Authentication in Convex is checked at the function level. New or signed-out users of an app can still subscribe to queries and even make mutations if you let them! Most apps require authentication to load or mutate data and present only a simple login page to logged-out users.

Identity providers

Developers can choose any OpenID-compliant authentication provider (e.g. Google, Github, Facebook) for use with their Convex app.

For the purposes of this guide we'll be using Auth0, which provides "universal login" across a number of supported providers.

Auth0

You'll need to start by creating a free account with Auth0. Next, create a new single-page app from your Auth0 dashboard:

Create a new application

From here, we'll roughly be following Auth0's React Login guide, shown after creating your app.

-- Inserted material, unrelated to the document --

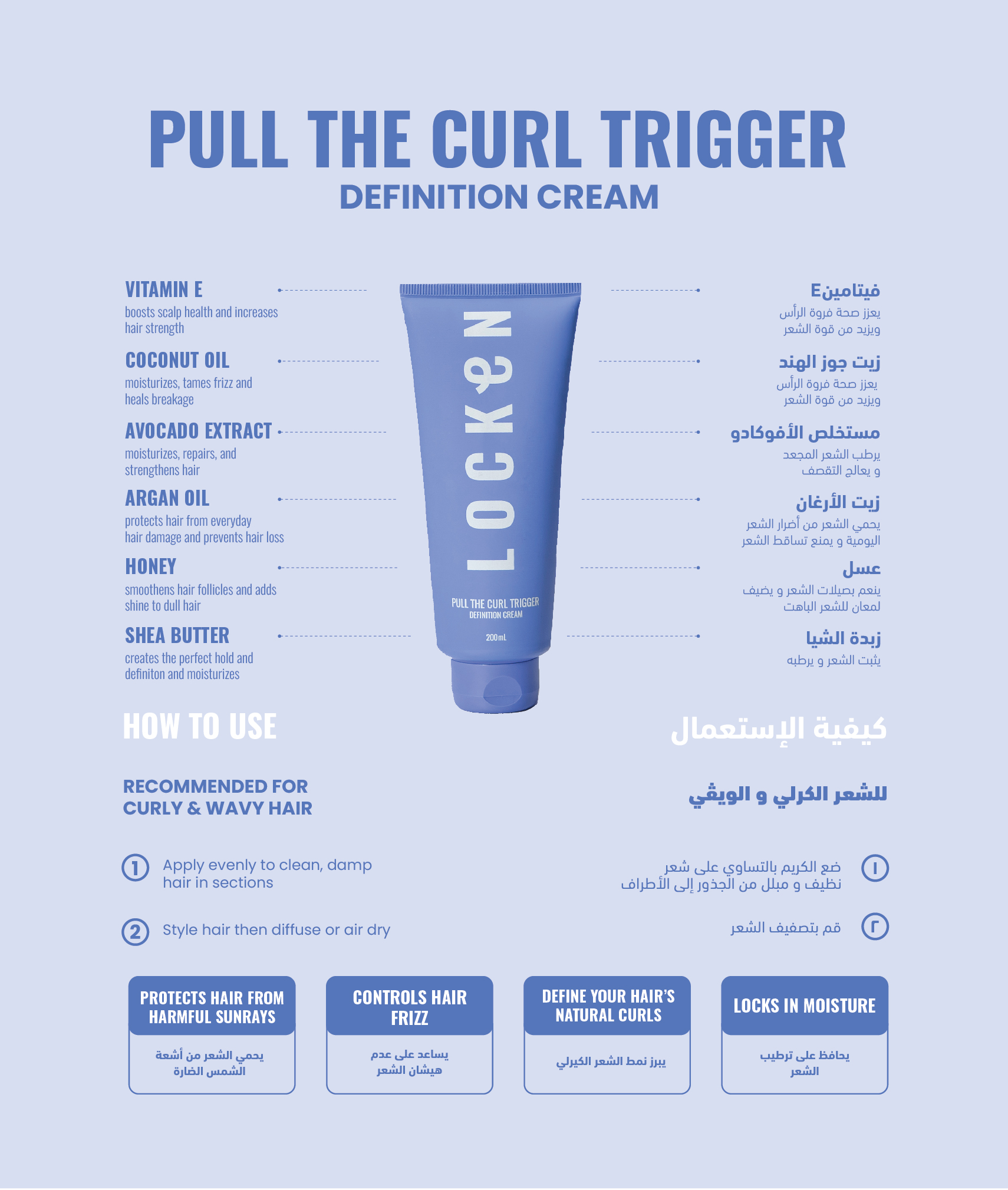 Pull The Curl Trigger Leave in Cream is a styling cream that will trigger your natural curl pattern revealing long lasting, frizz-free, shiny and super defined locks!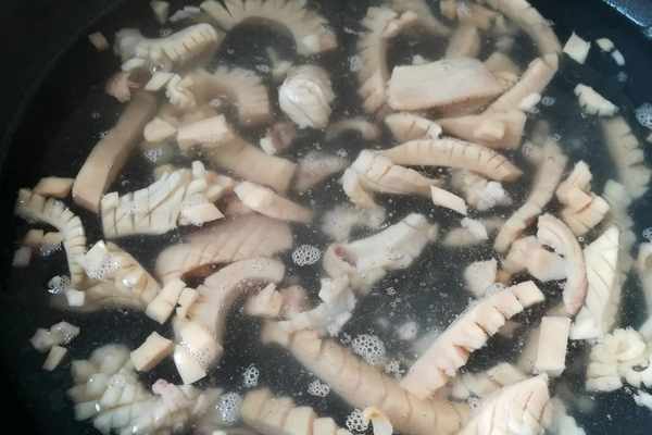 4.墨魚幹加冷水焯水煮10分鐘,撈出來清洗幹凈。如果用的是剛剛清洗出來的墨魚幹,焯水一次就可以瞭。

In your application settings, we need to tell Auth0 what URL origins can log in and log out. For local development, you can just use http://localhost:3000 for the Callback URL, Logout URL, and Allowed Web Origin fields.

At the top of the page you'll also see your Client ID and Domain, which you'll need for the next step.

Configuring Convex

Your Convex project needs to be configured with your chosen identity provider(s) to ensure that only valid identity tokens are accepted.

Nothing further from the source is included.